Разумеется, до экономического процветания в стране, отстающей от Запада веками, было невообразимо далеко. Разумеется, экономика была полна перекосов и диспропорций, которых не могло не возникнуть в столь стремительном, почти взрывообразном росте. Но подобным «оправдательным» особенностям николаевского правления никто значения не придавал.

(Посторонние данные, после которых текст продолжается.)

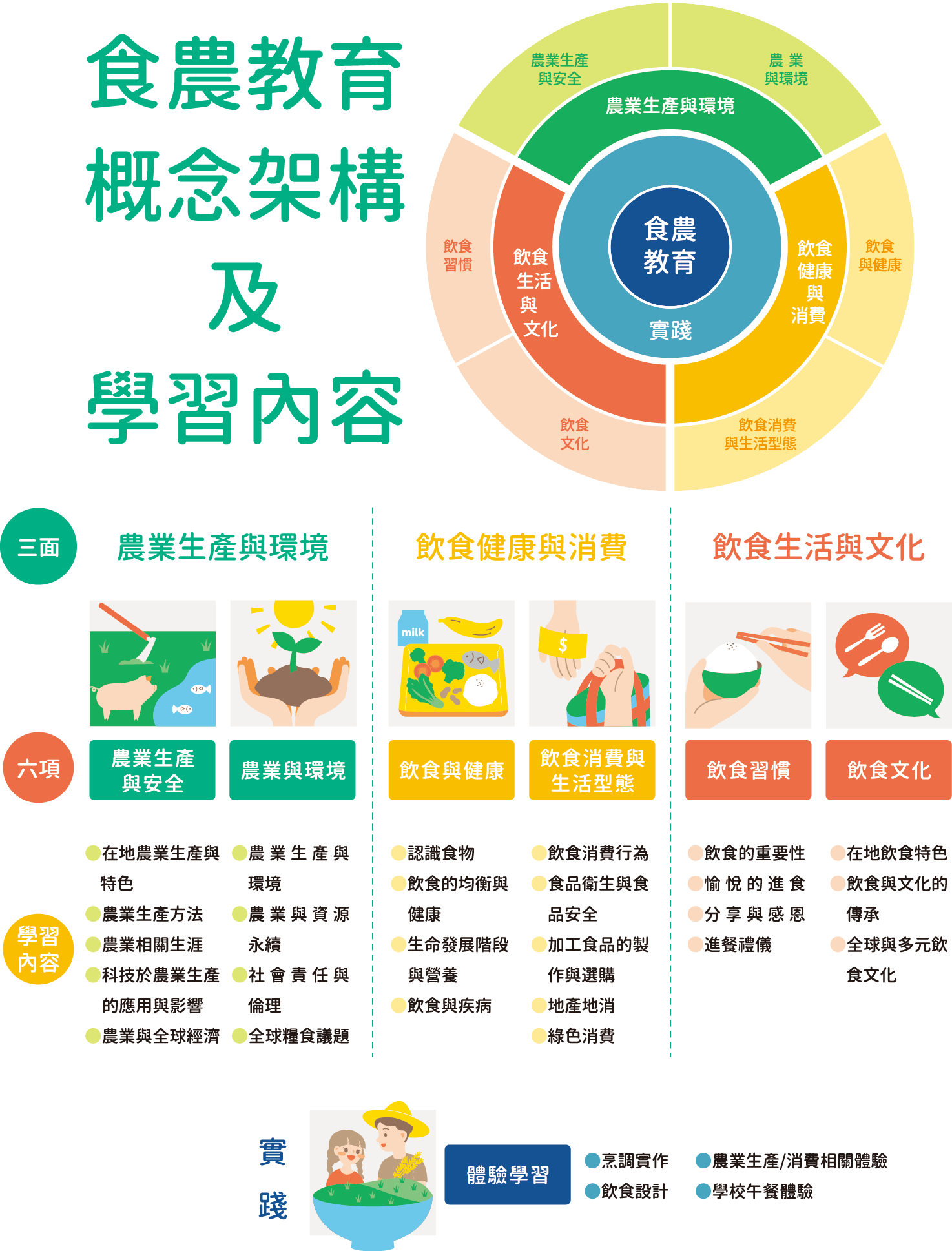 依據農業部食農教育推廣計畫—食農教育教學資源平臺揭露資料,為協助國民瞭解我國食農教育的內涵,農業部委託國立臺灣師範大學人類發展與家庭學系林如萍教授研發「食農教育ABC模式」,以培養「食農素養」(Food and Agricultural Literacy)為目標,提出食農教育的內涵—三面六項「農業生產與環境-與環境共好」、「飲食健康與消費-自發實行健康飲食生活」、「飲食生活與文化-人際互動與傳承」。推動應提升目標對象知能之廣度及深度,發展具完整性,聚焦主題作物發展完整之三面六項學習內容、系統性內容(如:針對不同發展階段對象,提出對應的食農教育主題及體驗學習活動)。

До введения жестких мер министром Столыпиным террористы по-прежнему, как и полста лет назад, валили чиновников направо и налево, взрывая бомбы в жилых домах и стреляя в людей на улицах среди бела дня. Демократы маниакальным упорством штамповали социалистические агитки и пропагандировали «демократические свободы», не существующие нигде, кроме их собственных «гениальных» голов. Каким образом активная оппозиция могла действовать при подобных головокружительных экономических успехах, оставалось для меня загадкой. Это было невозможно, немыслимо. Единственный довод, оправдывающий сложившееся положение вещей, я мог приписать только личной мягкости и недалекости Николая Второго. Царь абсолютно гнушался помпы, он не пропагандировал достижения собственной внутренней политики с какой-то болезненной закомплексованностью. Люди, оскорблявшие его имя и подрывающие сами основы государственного устройства его державы, почему-то отправлялись в ссылки, условия которых зачастую напоминали проживание на отдыхе, а не развешивались на столбах и не рассаживались на электрических стульях, как делалось в либеральной «парламентской» Англии или «демократичных» Соединенных Штатах.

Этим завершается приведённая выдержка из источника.